The white grape once was commonly blended with Syrah in France as the varietals grow alongside each other in a region in the northern Rhone Valley. The practice still occurs in France, but not as often as back in the day. You will also see it done in Australia.

As an aside, Zenaida also has a cute little loft on the property where you can stay. The room was out of our budget, but if you’ve got the dough, it’s a good location.

Nuts & Bolts:

Winery: Zenaida Cellars
Type: Syrah (55%), Zin (40%), Viognier (5%)
Origin: Paso Robles
Vintage: 2013
Price: $42
Alcohol content: 15.8%
When to drink: With a juicy, rear steak.

Review: 2015 Midnight Cellars Aurora

We almost didn’t go to Midnight Cellars on out last trip to Paso Robles. We had already been to three wineries and I had made a rule that this time, we would cut ourselves off after three. That didn’t happen. We slid right back into our 4 to 5 wineries a day bit. Oh, well.

Walking into Midnight Cellars, it was just half an hour before most of the wineries were shutting down for the day. The winery was down the street from a few others we had visited (Caliza, Grey Wolf, Niner — no worries, I’ll talk about them all in future posts) and I had seen it when I was googling around for new places to visit during our anniversary trip to Paso.

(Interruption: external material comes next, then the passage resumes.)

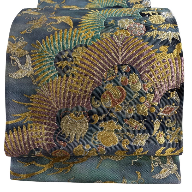 おめでたい席に相応しい意匠の袋帯でございます。 格式高いお席にもお使いいただけますので、お見逃しのないようお願いいたします。 締め跡がございます。 表地所々と中無地にシワ、表地所々に若干の糸のほつれがございます。 裏地所々にシワがございます。 リユース品としては目立った染み傷なく、状態の良いお品でございます。 ※なお、厳しく商品の状態確認を行っておりますが、記載の汚れ以外にも見落とし箇所がある可能性がある旨ご了承いただけますと幸いです。 沢山の商品の中からご覧いただき誠にありがとうございます。
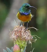 El suimanga pechinaranja[2] (Anthobaphes violacea), también conocida como nectarina de pecho anaranjado,[3] es una especie de ave paseriforme de la familia Nectariniidae endémica del fynbos de Sudáfrica. Es la única especie del género Anthobaphes.[3] Anteriormente se clasificaba en el género Nectarinia.

We walk in and our greeted by a very, very old cat. Chardonnay has been around for 17 years! We were the only ones there and ordered up two tastings. The woman who helped us was very sweet. She had grown up in Paso and many of the winemakers in the area were her her childhood friends’ dads. Outside the window we caught a group of ducklings running around with mama out of sight. It was all very quaint on the 28-acre estate.

"Oh yea, that's from the winery with the 1,000 year old cat." Sipping @midnightcellars' 💫Aurora 💫 tonight

A photo posted by Wine For The Win (@wineforthewin) on

We took home the Aurora and the winery kindly waived both our tasting fees. We cracked open the bottle a few days after returning home. It’s been hot outside and we were craving a white. Right away, the wine emits a sweet smell, but it doesn’t taste saccharine. Instead, it tastes tart with tropical fruit flavors shining through. Grapefruit!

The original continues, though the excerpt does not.